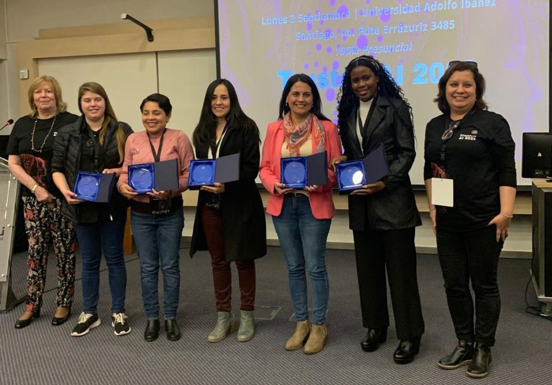 Las académicas Eliana Providel, Ana Aguilera y Marta Barría, junto a la estudiante de doctorado Dayana Palma, de la Escuela de Ingeniería Informática de la Universidad de Valparaíso, expusieron en el workshop Trusted AI, organizado por la Asociación Chilena de Mujeres en Inteligencia Artificial (MIA-CL), que se desarrolló en la Universidad Adolfo Ibáñez en Santiago.
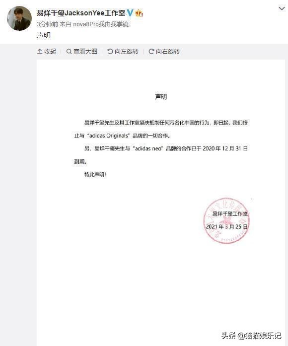 之前闹得沸沸扬扬的新疆棉事件中,易烊千玺也是第一时间跟耐克解约,表达了自己的爱国之情。
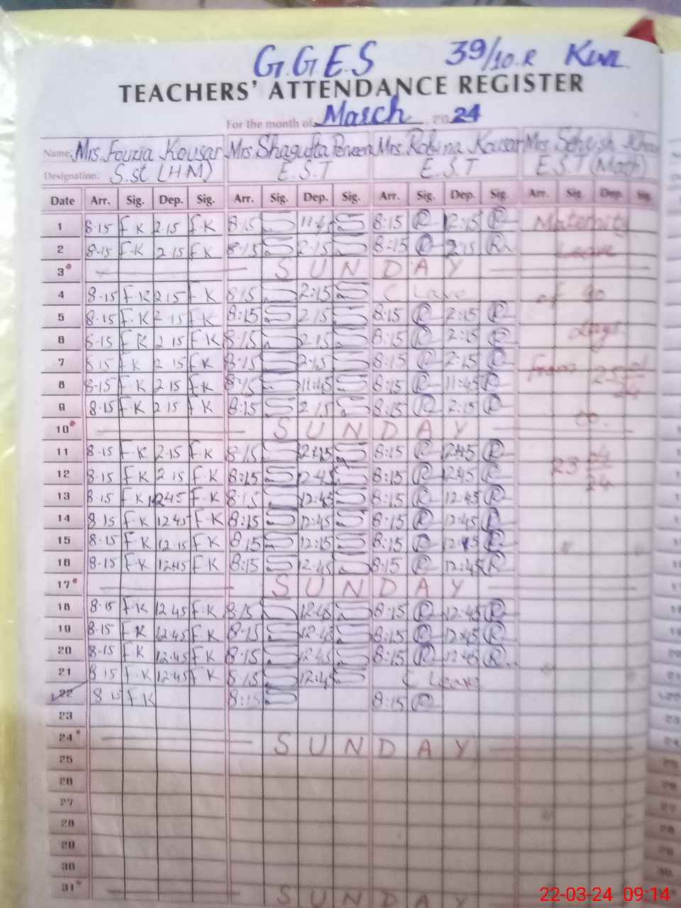 | 37**** | Se**** Kh**** | 1 | 29 | 0 | 0 | 29 | 0 | 0 | 0 | 0 | 0 | Maternity | |
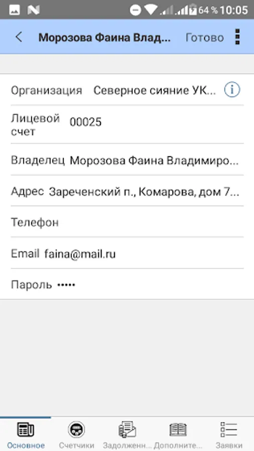 The mobile application is designed to work with software products "1C: Calculation of rent and accounting for housing and communal services" or "1C: Accounting for SNT". Before using the application, make sure that your management company uses one of these software products and can receive data from the mobile application.
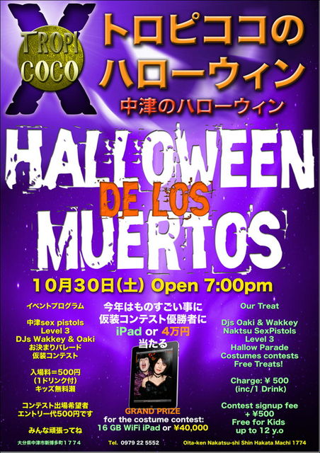 中津のメキシコ料理屋!!! 今週土曜日は中津のハロウィンパーティは絶対!! TROPICOCO CAFEのハロウィンパーティ!!!! 仮装のレベルも高く、今年も優勝商品が去年よりさらにグレードアップ!! な、な、なんと!!! 今、話題のiPad or 賞金4万円!!!!!! これは。仮装して行くしかないでしょ???? 仮装コンテスト エントリー料金は500円!!! 詳細ははコチラ↓↓↓ TOROPICOCO CAFE HALLOWEEN PARTY!!2010!!!! 2010.10.30(SAT) OPEN 19:00 -入場料- 一般入場
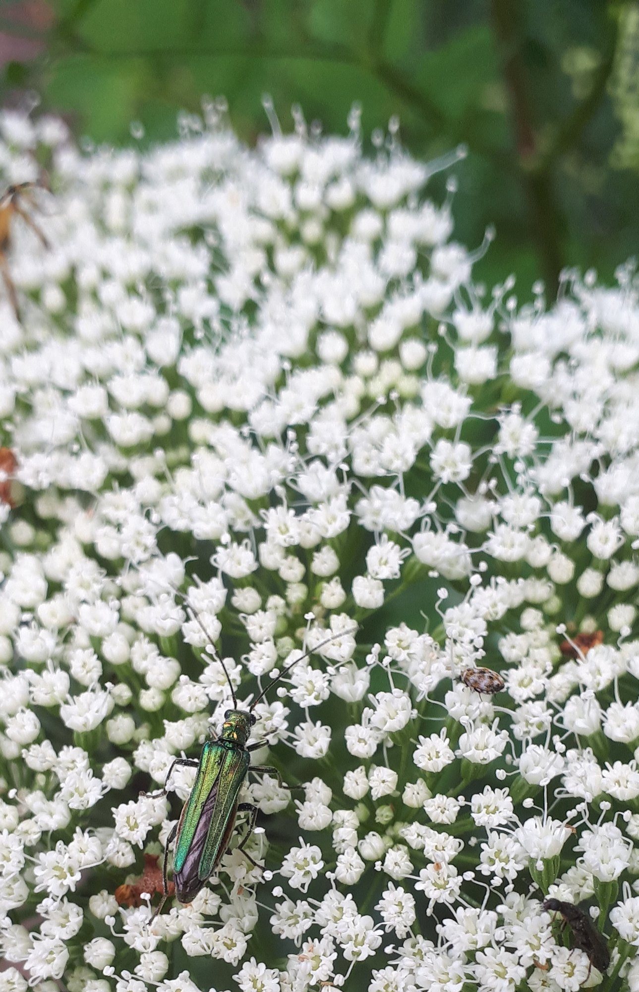 Hier haben Rosenkäfer eine Doldenblüte als Alternative entdeckt. Da dürfen sie sich gerne schmatzend Austoben. Noch weitere Käfer nutzen diese Nahrungsquelle
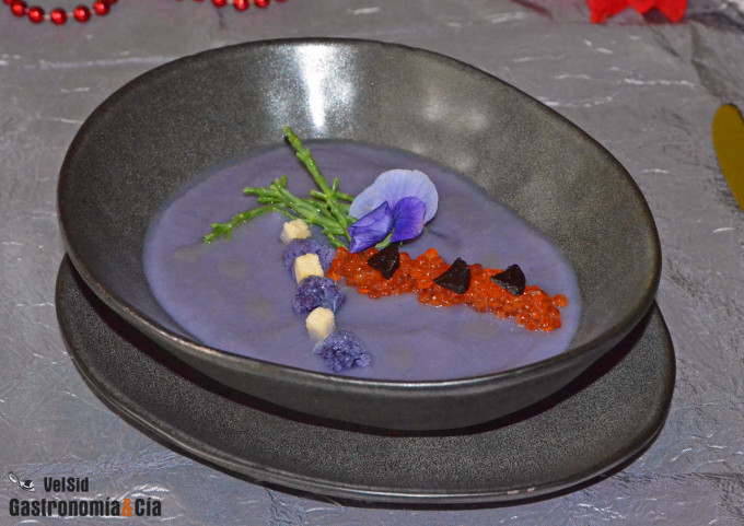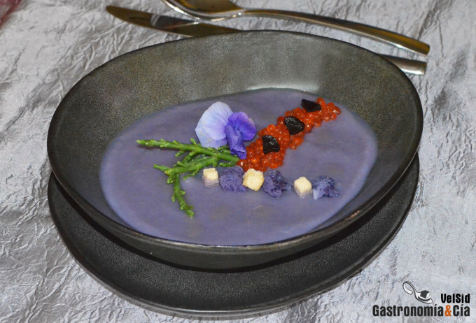 A pesar de que esta crema no lleva pescado como tal (lleva las huevas de trucha, de piscifactoría), tiene un sugerente y delicioso sabor a mar, y es gracias a la salicornia, también denominada espárrago de mar. También las huevas de trucha aportan su toque en cuanto a sabor, y sobre todo en cuanto a textura, es exquisita la sabrosa explosión que se produce en el paladar durante la degustación. En general, es un plato sencillo pero muy rico organolépticamente hablando, además, esta crema de coliflor morada con salicornia, huevas y ajo negro es nutritiva y saludable, ideal para las comidas de Navidad.
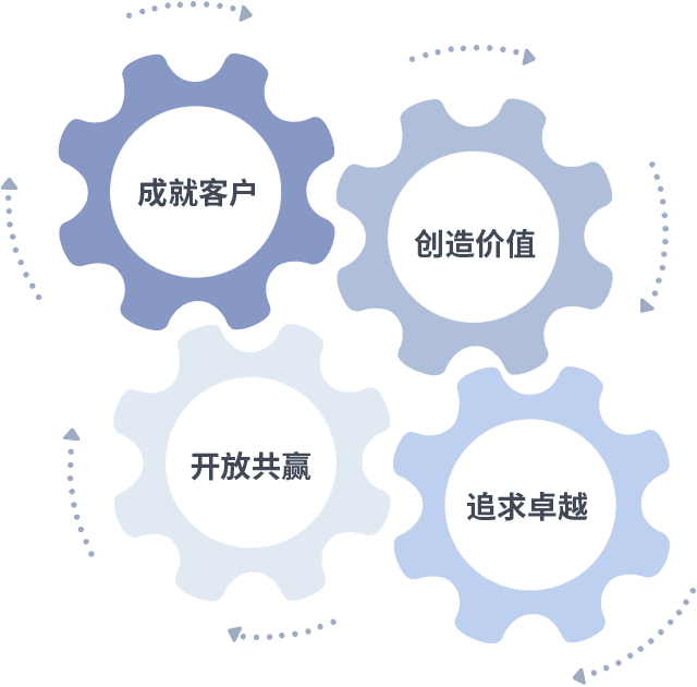 成就客户是一切决策的出发点,,,,创造价值是衡量所有工作的标准,,,追求卓越是我们做事做人的态度,,,,开放共赢是我们的格局也是最终的结果。。价值观的齿轮环环相扣,,,推动着组织里的每个人不断向前。。。
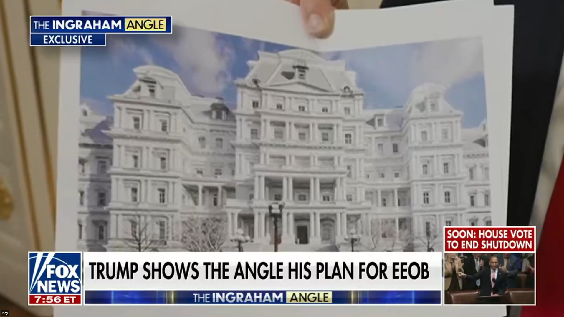 - Screenshots 1, 2, and 3 of President Trump showing conceptual drawings of every surface painted white. (Fox news, Ingraham Angle, Nov 10, 2025, posted online on Nov 12, 2025)
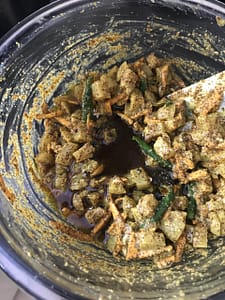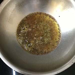 - Heat oil in a small pan, add a tsp of mustard seeds, wait till it crackles, add the asafoetida and turmeric powder. Allow it to cool completely.
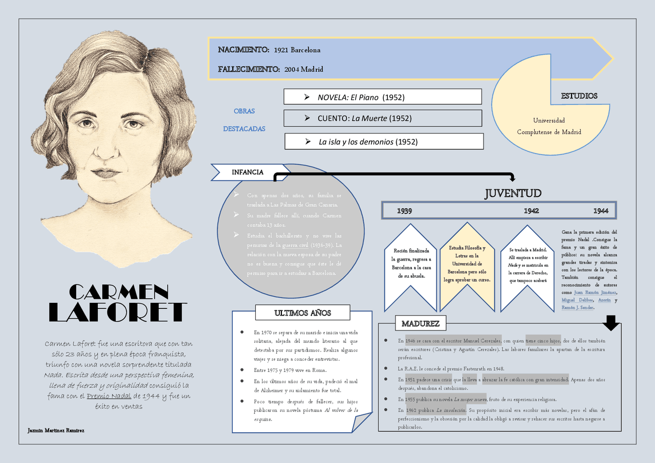 Infografía sobre la autora Carmen Laforet | Esquemas y mapas conceptuales de Lengua y Literatura | Docsity
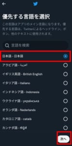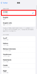 設定を開きアプリからTwitterをタップします。一番下にある言語をタップします。
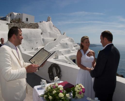 - Civil wedding ceremony at a traditional Santorini chapel
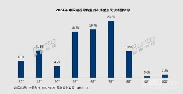 尺寸方面,2024年,75英寸电视的销量占比达到23.2%,超过占比19.7%的65英寸,成为新晋第一大尺寸。值得一提的是,2023年65英寸才成为市集第一尺寸。
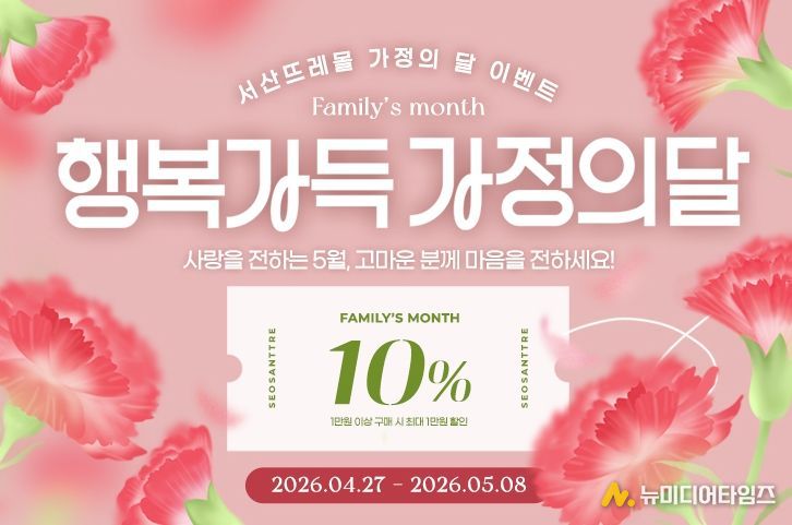 서산뜨레몰에서는 5월 8일까지 전 품목 구매 시 사용할 수 있는 10% 할인쿠폰(최대 1만 원 할인)을 제공한다.
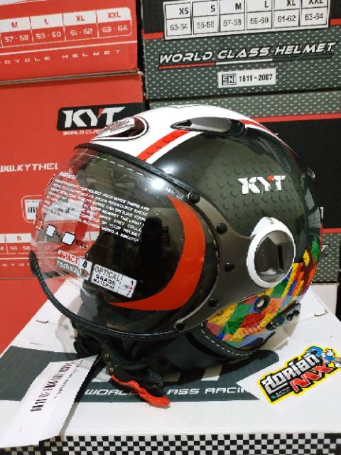 HELM KYT ELSICO MOTIF 5 WHITE BLACK RED HELM RETRO KYT HELM BOGO HELM KLASIK HELM JADUL HELM VESPA
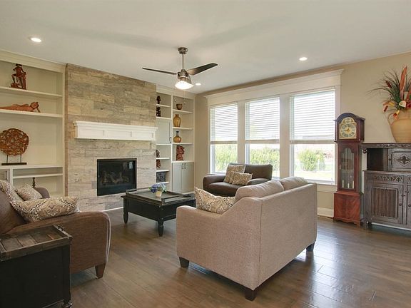 Walk inside to your 12 ft ceiling dream home on a private oversized lot. When you walk in you will notice the beautiful hardwood floors throughout the main living area. Split layout makes your master suite private. Quartz countertops, large island with plenty of space to prep and eat. Open living room with gas fireplace, covered deck access dining and coffee bar space. Private covered deck looks out to tree row and farm land. Master suite has connected office space, large double vanity sinks, tiled shower with walk in closet attached to laundry room. Basement offers large rec room with under-stair reading nook and future dry bar space. Have instant equity by finishing the 2 bedrooms in the basement! You won't find this much space on this large of a lot anywhere else in the neighborhood!

(YOUR INSTRUCTIONS)
Starting at the line containing "Maternity | |" and finishing at the line containing "尺寸方面,2024年,75英", return those lines exactly as they appear above, without the pictures.

(REPLY)
 | 37**** | Se**** Kh**** | 1 | 29 | 0 | 0 | 29 | 0 | 0 | 0 | 0 | 0 | Maternity | |
 The mobile application is designed to work with software products "1C: Calculation of rent and accounting for housing and communal services" or "1C: Accounting for SNT". Before using the application, make sure that your management company uses one of these software products and can receive data from the mobile application.
 中津のメキシコ料理屋!!! 今週土曜日は中津のハロウィンパーティは絶対!! TROPICOCO CAFEのハロウィンパーティ!!!! 仮装のレベルも高く、今年も優勝商品が去年よりさらにグレードアップ!! な、な、なんと!!! 今、話題のiPad or 賞金4万円!!!!!! これは。仮装して行くしかないでしょ???? 仮装コンテスト エントリー料金は500円!!! 詳細ははコチラ↓↓↓ TOROPICOCO CAFE HALLOWEEN PARTY!!2010!!!! 2010.10.30(SAT) OPEN 19:00 -入場料- 一般入場
 Hier haben Rosenkäfer eine Doldenblüte als Alternative entdeckt. Da dürfen sie sich gerne schmatzend Austoben. Noch weitere Käfer nutzen diese Nahrungsquelle
 A pesar de que esta crema no lleva pescado como tal (lleva las huevas de trucha, de piscifactoría), tiene un sugerente y delicioso sabor a mar, y es gracias a la salicornia, también denominada espárrago de mar. También las huevas de trucha aportan su toque en cuanto a sabor, y sobre todo en cuanto a textura, es exquisita la sabrosa explosión que se produce en el paladar durante la degustación. En general, es un plato sencillo pero muy rico organolépticamente hablando, además, esta crema de coliflor morada con salicornia, huevas y ajo negro es nutritiva y saludable, ideal para las comidas de Navidad.
 成就客户是一切决策的出发点,,,,创造价值是衡量所有工作的标准,,,追求卓越是我们做事做人的态度,,,,开放共赢是我们的格局也是最终的结果。。价值观的齿轮环环相扣,,,推动着组织里的每个人不断向前。。。
 - Screenshots 1, 2, and 3 of President Trump showing conceptual drawings of every surface painted white. (Fox news, Ingraham Angle, Nov 10, 2025, posted online on Nov 12, 2025)
 - Heat oil in a small pan, add a tsp of mustard seeds, wait till it crackles, add the asafoetida and turmeric powder. Allow it to cool completely.
 Infografía sobre la autora Carmen Laforet | Esquemas y mapas conceptuales de Lengua y Literatura | Docsity
 設定を開きアプリからTwitterをタップします。一番下にある言語をタップします。
 - Civil wedding ceremony at a traditional Santorini chapel
 尺寸方面,2024年,75英寸电视的销量占比达到23.2%,超过占比19.7%的65英寸,成为新晋第一大尺寸。值得一提的是,2023年65英寸才成为市集第一尺寸。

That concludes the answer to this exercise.